Stocks drop on concerns over economic growth, inflation

Published On: May 18, 2022Categories: Stocks & Shares1.6 min read

Many analysts have characterised this week’s sharp rally as a short-term bounce of the sort common during a lengthier downward trend for equities

A rebound in stocks ran out of steam on Wednesday as concerns about the economic growth outlook and rising inflation knocked sentiment, while a UK inflation reading of 9% underlined just how much higher interest rates might be headed.

Asian stocks managed to eek out their fourth straight session of gains but in Europe shares were mixed and futures on Wall Street pointed to a weaker open.

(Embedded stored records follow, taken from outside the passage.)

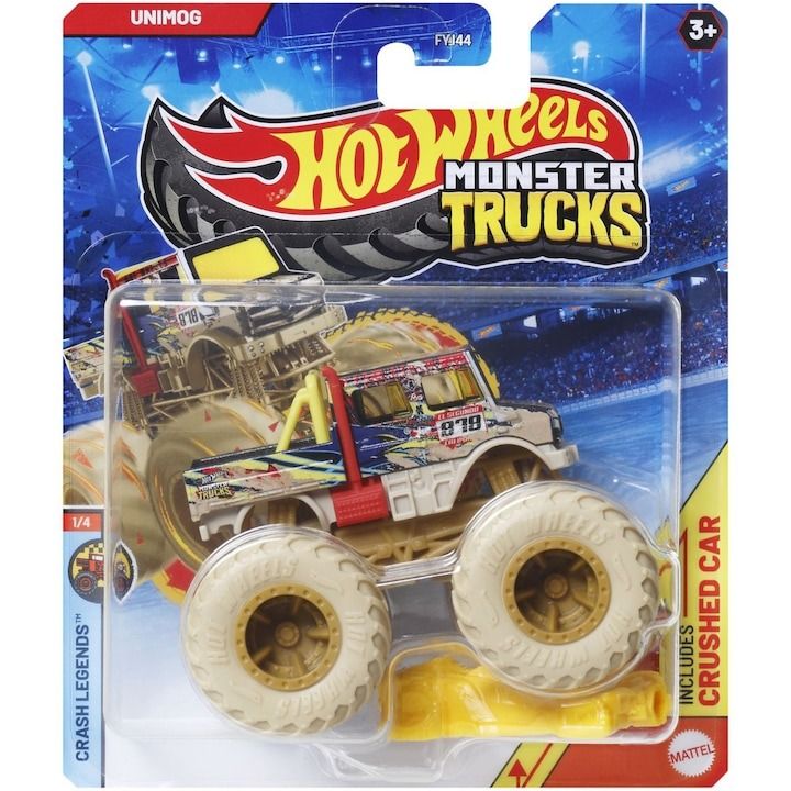 Colectioneaza masinutele Hot Wheeels gigantice pentru numeroase cascadorii. Striviti competitia cu masinuta de baza 164 are motoare puternice de frecare si actiuni feroce pe roti, acesti monstri sunt de neoprit. Fiecare se vinde separat, in functie de disponibilitate. Culorile si decoratiunile pot varia. Pachetul contine masinuta Unimog.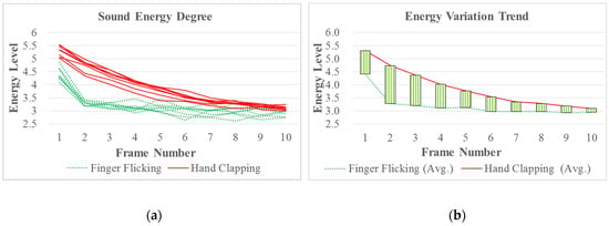 Sound energy analyses for finger flicking and hand clapping in (a) energy degree and (b) variation trend.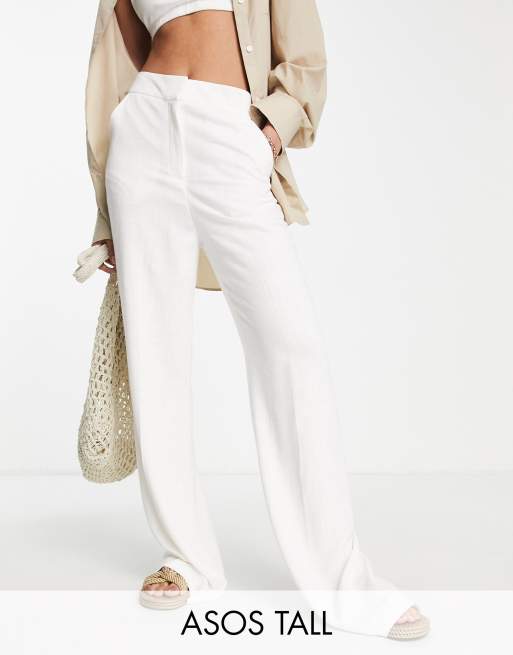 ASOS DESIGN Tall – Lniane luźne dzwony z szerokimi nogawkami w białym kolorze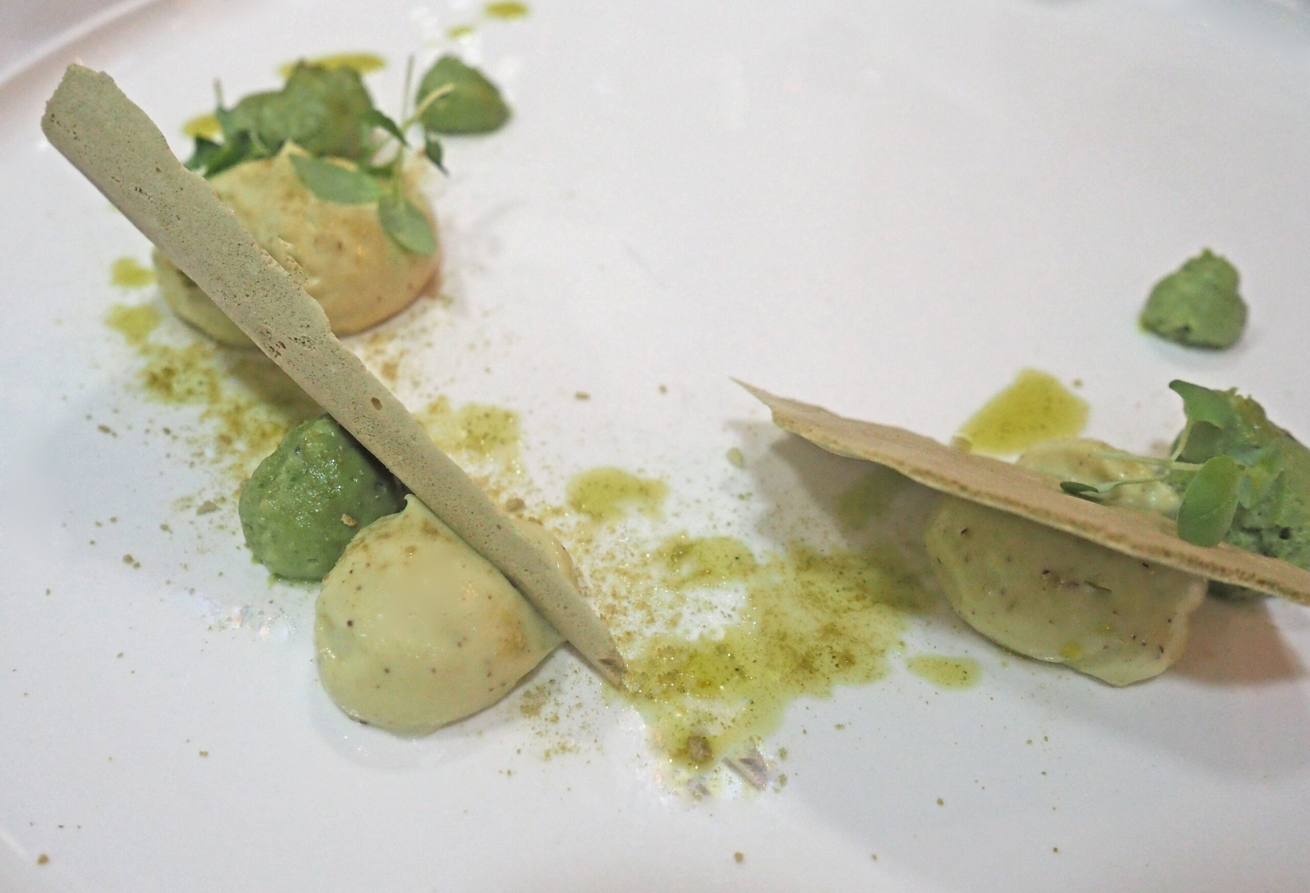 Spuit wat toefjes nameleka op de borden. Spuit toefjes kiwi espuma naast de nameleka. Versier met meringue, dragonolie en dragonblaadjes.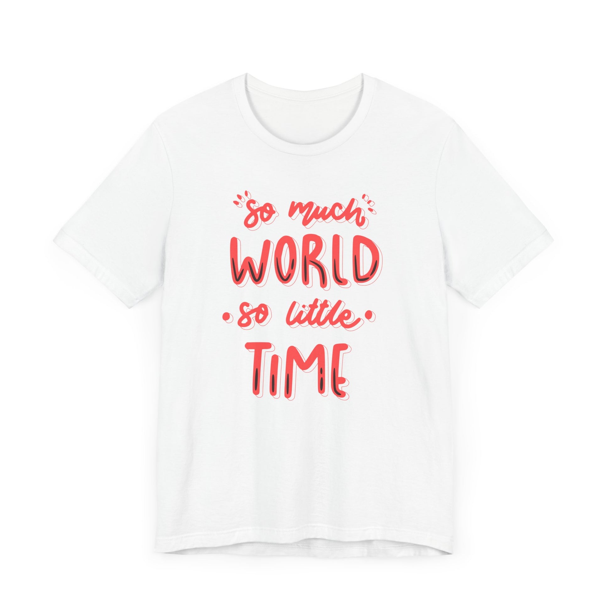 Ce t-shirt unisexe présente la citation « SO MUCH WORLD, SO LITTLE TIME » qui donne un sentiment d'aventure et d'exploration. Fabriqué en 100 % coton peigné et filé à l'anneau Airlume, il est léger et respirant, parfait pour les vêtements de sport et de loisirs. La coupe ajustée et l'encolure ras du cou le rendent adapté aux environnements décontractés et semi-formels. Idéal pour ceux qui aiment voyager et rechercher de nouvelles expériences. Parfait pour offrir en cadeau pour les anniversaires, les vacances ou comme pièce de déclaration décontractée.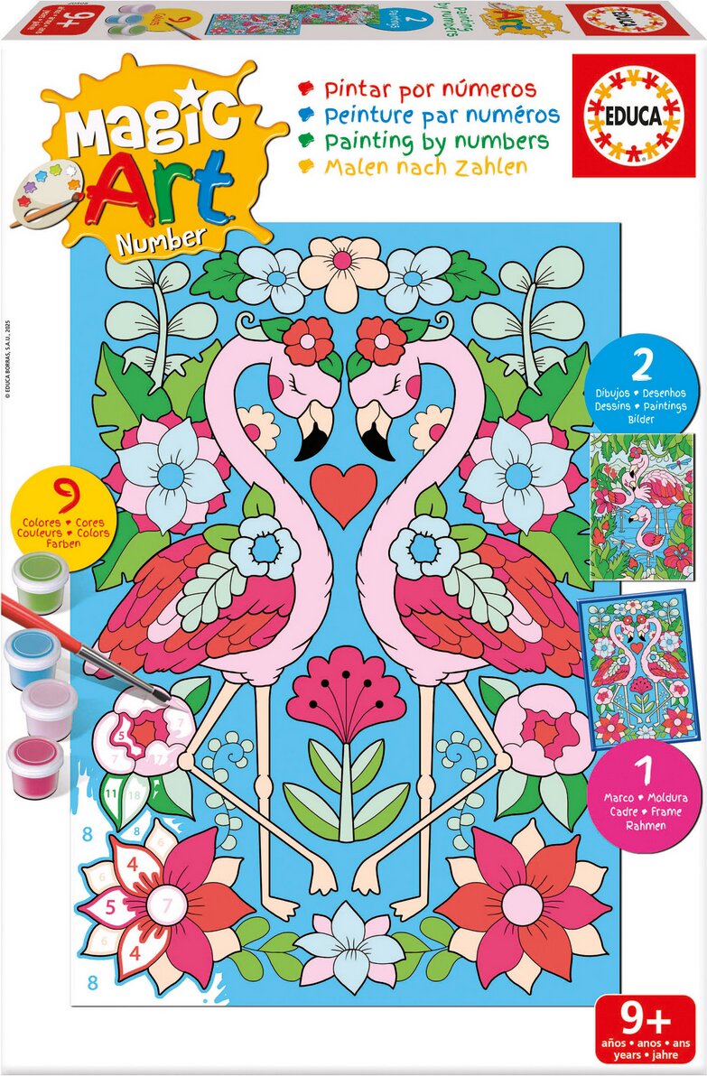 Balení obsahuje: 2 obrázky o rozměru 20,5 x 15,5 cm s očíslovanými částmi, barevnou předlohu, sadu 9 barev se stojánkem, plastový rámeček na postavení a štětec.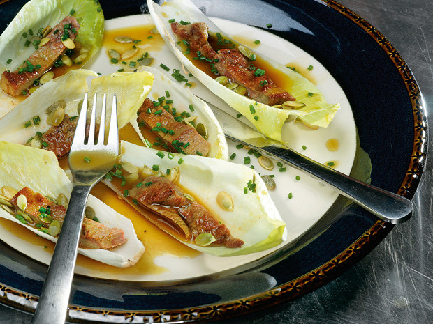 Вилки — необязательный элемент. Удобнее всего есть печенку с цикорием, беря ее руками.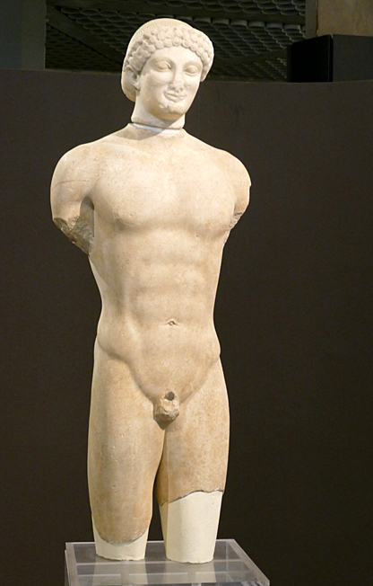 La céramique polychrome de Megara Hyblaea, importée puis produite localement, montre des chevaux, des frises de bouquetins, des oiseaux. Quelques statues de kouros du VIe siècle ionien, de très jeunes hommes pubertaires, et d’athlètes adultes, une déesse allaitant du VIe, peut-être une Mère sicule à laquelle on vouait un culte. Une stèle funéraire d’un jeune garçon nu près d’une figure féminine drapée, de la première moitié du IVe est émouvante.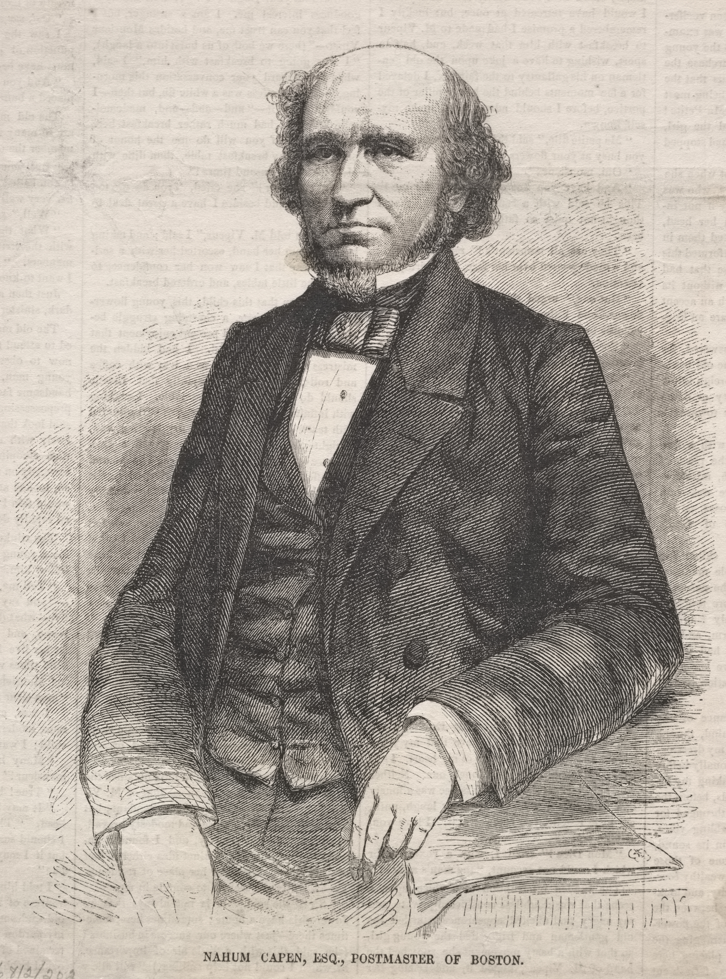 Black and white illustration of a man with a receding hairline and thinning hair on the sides. He wears a dark suit jacket, vest, and bow tie. The man has a beard and mustache. His right arm rests on a surface with his hand visible, and his left arm is mostly out of view. The background resembles a wall or other surface with shading behind the man. The image includes the text "NAHUM CAPEN, ESQ., POSTMASTER OF BOSTON" at the bottom.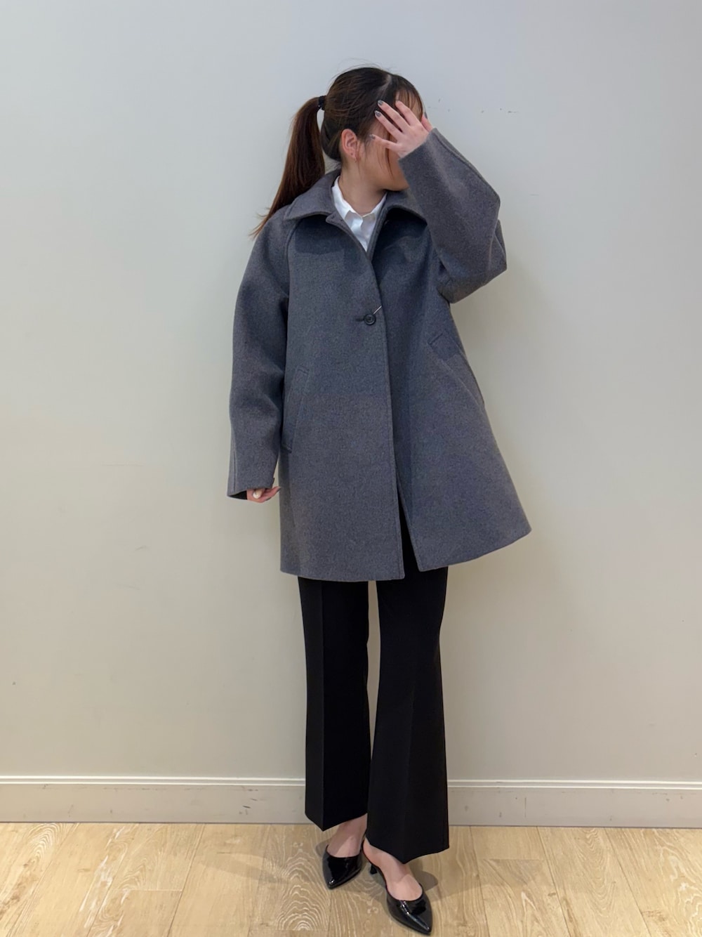 本当は同素材でセットアップございますが 今回はよりスッキリみせたく、パンツを別ものと組み合わせてみました!! ⦿コート 高品質なサスティナブルウール素材(リサイクル原料)を使用した二重織のハーフ丈のウールコート!! 今季トレンドのステンカラーコートで、スタンドカラーにもなる2WAYの衿デザインで、スタンダードでありながら、こなれ感もある1着✨ 程よくゆとりのあるシルエットで、厚手のニットにも合わせやすいのが嬉しいポイント👍🏻 今季も主流のワイドパンツやロングスカートとバランスがとりやすく、軽やかに見えるこだわりの着丈バランスなのもポイントです✨ 二重織でしっかり暖かいコートですが、着るとより実感出来る軽い着心地です!! ⦿シャツ シャツにビスチェを合わせた新鮮なデザインのブラウス!! きちんとした華やかなスタイリングが叶う一枚なのに。シャツ地はポリエステルにしわ加工を施し、程よいリラックス感もあり、なんと言ってもポイントはノーアイロンでの着用が可能✨ シンプルなパンツやタイトスカートと合わせてオケージョンなどにも活躍間違いなし!! ビスチェ部分と同素材(5-0035-6-09-003)のパンツもございます!! ⦿パンツ ノータック、センタープレス入りのきれいめパンツ!! 膨らみと落ち感のあるギャバ素材を使用してあり、強撚のサラッとしたタッチ✨ バックスタイルにスリットデザインのあるセミフレアシルエットなので、細見えを叶えてくれます🍀 ブーツなど秋冬の重くなりがちな足元に抜け感も👍🏻 後ろのみウエストゴム仕様できちんと見えながら履き心地も快適です!!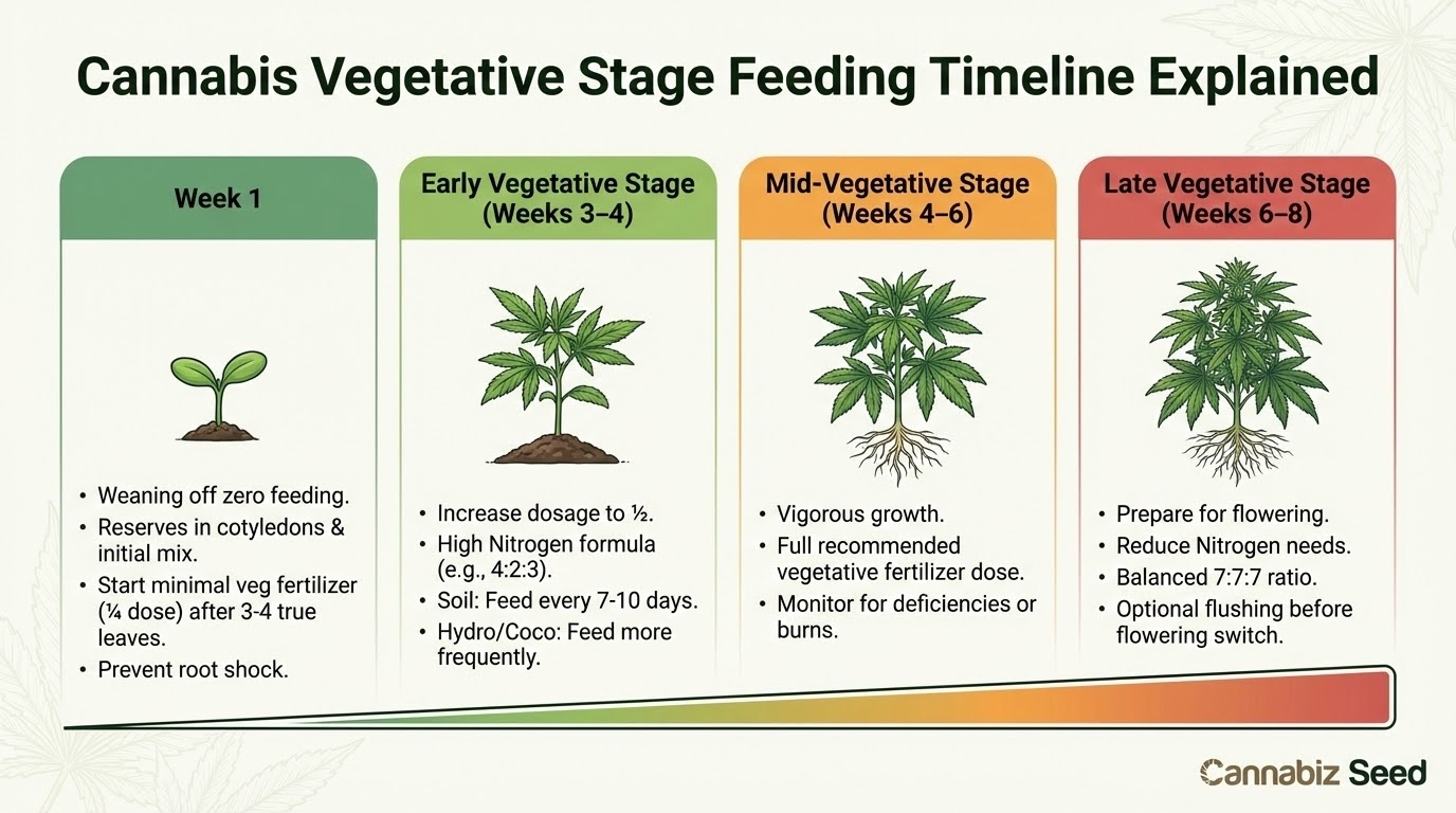 Esimese vegetatiivse kasvu nädala jooksul lõpetavad teie taimed nulltoitmise, kuna nad lõpetavad seemikute kasvatamise etapi. Sel ajal toituvad nad seemnekotiljonides talletatud toiduvarudest ja algses potimullas olevatest mineraalidest.

Many analysts have characterised this week’s sharp rally as a short-term bounce of the sort common during a lengthier downward trend for equities. Few are willing to predict the end to selling after a bruising first five months of the year for risky assets given so much macroeconomic uncertainty.

Investor sentiment and confidence remain shaky, and as a result, we are likely to see volatile and choppy markets until we get further clarity on the 3Rs — rates, recession, and risk, said Mark Haefele, chief investment officer at UBS Global Wealth Management.

By 0810 GMT, the broad Euro STOXX 600 was off 0.1%, while Britain’s FTSE 100 was also 0.1% lower.

MSCI’s broadest index of Asia-Pacific shares outside Japan rose 0.6% and is on its longest winning streak since February. Japan’s Nikkei rose 0.94% and miners led Australian shares about 1% higher.

The MSCI World Equity Index inched up 0.1% and is nearly 2% higher so far this week, but remains down 16% from its peak in January.

In currency markets, sterling was the big loser, shedding 0.9% to $1.2387 after UK consumer price inflation hit 9% in April, a 40-year high and roughly in line with analysts’ expectations. The pound had risen sharply this week and some of Wednesday’s fall was down to profit taking.

British inflation is now the highest among major economies but prices are rising rapidly across the world, forcing central banks to launch a series of rate hikes even in the face of slowing economic growth momentum.

Canada’s April inflation reading is also due later on Wednesday.

The U.S. dollar rose 0.3% to 103.61, heading back towards its two-decade high reached last week, while the euro fell by a similar amount to $1.0515.